— What is being asked —
Please copy, exactly as written, the span from the first line below to the line that contains "Pure copper geometric", including both, and skip the pictures.

━━━━━ Exercise data

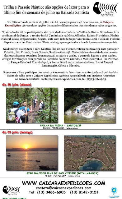 Trilha e Passeio Náutico são opções de lazer para o último fim de semana de julho da Baixada Santista
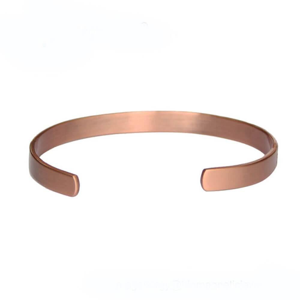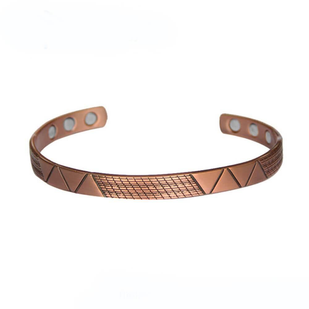 Pure copper geometric design copper magnetic bangle. A high quality piece with a sleek pattern surrounding the outside of this hypoallergenic therapeutic piece.
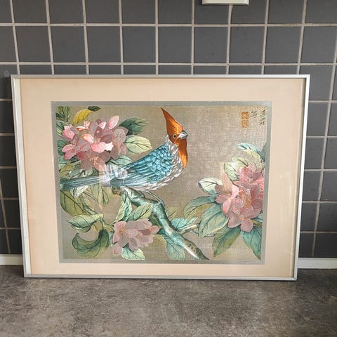 Asiatisk Silke tryk af fisk familie med 3 både. Billedet er signeret og meget dekorativ måler 25x35 cm

━━━━━━━━━━

— Exercise response —
 Trilha e Passeio Náutico são opções de lazer para o último fim de semana de julho da Baixada Santista
 Pure copper geometric design copper magnetic bangle. A high quality piece with a sleek pattern surrounding the outside of this hypoallergenic therapeutic piece.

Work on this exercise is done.